Des tables d’or que Dieu aurait confiées près de New York en 1820 à un jeune paysan, Joseph Smith, les mormons ont tiré une prodigieuse puissance financière et politique. La conquête théocratique de l’Ouest, la polygamie, une colossale entreprise généalogique pour baptiser les défunts, de vives controverses et l’impact profond d’Internet sur la stratégie de cette singulière Église comptent parmi les épisodes retracés ici, d’une incarnation religieuse et totalitaire du rêve américain.

Dans ce livre, sans parti pris ni complaisance, Alain Gillette nous aide à mieux connaître les mormons, notamment ceux des pays francophones, leur religion et leur impact sur la société américaine.

Extraits de Les mormons : De la théocratie à Internet d’Alain Gillette

Un sondage réalisé par PEW en novembre 2011[1] a conclu que :

– le facteur mormon allait jouer dans les élections primaires contre Romney, à l’époque talonné par Herman Cain et Newt  Gingrich ; il l’a néanmoins emporté ;

– mais ce facteur ne devait pas jouer pour l’élection présidentielle elle-même, le clivage démocrate-républicain à propos de Barack Obama étant jugé si brutal qu’il estompe la question mormone ;

– 50 % des électeurs à travers les États-Unis disaient alors ne pas savoir grand-chose, voire rien du tout, du mormonisme, une baisse peu significative par rapport à 2007 (52 %) compte tenu de la marge d’erreur; 51 % (inchangé) considéraient que c’est une religion chrétienne, mais très différente de leur propre religion pour 65 % d’entre eux;

– sur ces bases, le facteur mormon jouerait aux primaires mais pas perceptiblement à l’élection présidentielle elle-même.

Pour ne pas être taxé d’anti-américanisme primaire, on peut citer deux universitaires américains, dont un mormon, pour qui « l’ironie est que les suspicions que le public américain continue à entretenir à propos des mormons – leur intolérance, leur homogénéité sociale, leur religion fondée sur des révélations continues – correspondent en réalité à l’intolérance religieuse et au manque de respect pour la diversité sociale aux États-Unis[2]».

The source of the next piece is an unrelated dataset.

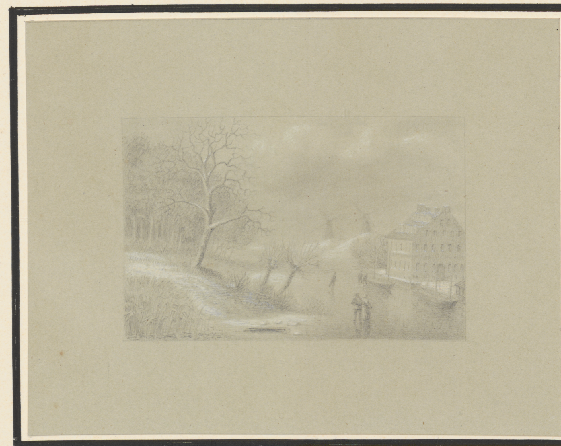
Winterlandschaft mit Schlitten.
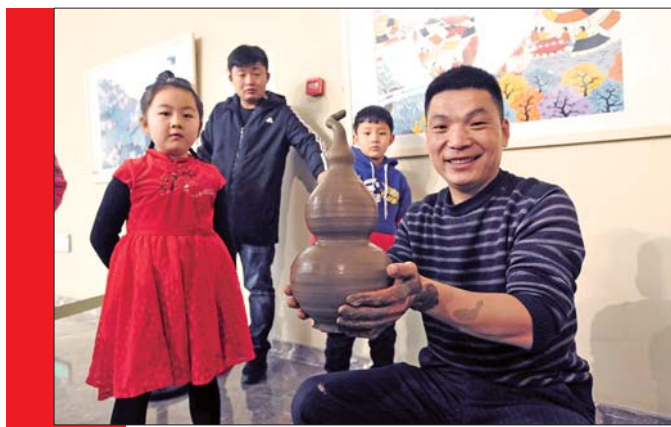
黑陶艺人现场展示拉坯。

开幕式上,山东省文联党组书记、副主席王世农,山东省政协科教文卫体委员会原副主任郝铁柱,省委宣传部文艺处副处长孙梅,山东工艺美术学院院长、省民协副主席董占军,有关领导,省民间文艺家协会主席团成员,济南市文联有关领导、市民协负责人等出席。四位体验基地的民间艺人共同宣布了展览开幕。

Confronté à l’intolérance il y a un demi-siècle, John Kennedy a prouvé qu’il ne prenait pas d’ordres de l’autrement puissante Église catholique américaine (distance que sa vie privée confirmait…) ni ne soutenait le réseau diplomatique du Vatican ; et pourtant, la crainte perdure face à l’hypothèse d’un président Romney qui serait sous influence politique des Saints des derniers jours, et qui apporterait le soutien du Département d’État à leur œuvre missionnaire.

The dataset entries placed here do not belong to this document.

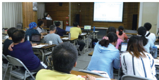
9月27日南投林區管理處在本處三樓大禮堂舉辦ICS森林火災監測系統教育訓練。
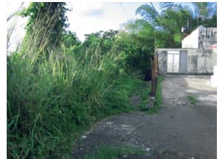
Départ de Vauchelet, contourner cette maison par derrière à droite
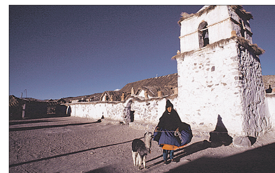
Von der nordchilenischen Hafenstadt Arica geht es die CH11 stetig und immer mühsamer bergauf: Putre am südwestlichen Fuß des Taapaca-Vulkans liegt auf dem Weg der Tour, ein Ziel ist der Lauca-Nationalpark. Bild Mitte: schlafende Flamingos am Salzsee Surire.

La peur de la différence demeure à l’œuvre. Des responsables et des sites évangélistes américains, dont certains proclament que « Joseph Smith était sans doute un cas psychiatrique ou un menteur », écrivent pourtant que le dialogue avec l’Église est devenu très souhaitable. Les sondages donnent à penser qu’ils sont minoritaires, une majorité de ces confessions demeurant sur ses gardes, voire doutant de surcroît que Mitt Romney soit un mormon parfaitement orthodoxe et rassurant en matière idéologique. Ses résultats aux élections primaires en auraient souffert dans les États où les Églises évangéliques sont influentes et où les attaques de ses adversaires républicains ont fait flèche de tous bois antimormons.

[1] . Sondage réalisé du 9 au 14 novembre 2011, 2001 adultes (marge d’erreur globale: 3%),  Romney’s Mormon Faith Likely a Factor in Primaries, Not in a General Election,Washington, DC; PEW Research Center.

[2] Lee Trepanier et Lynita K. Newswander, op. cit., page 51.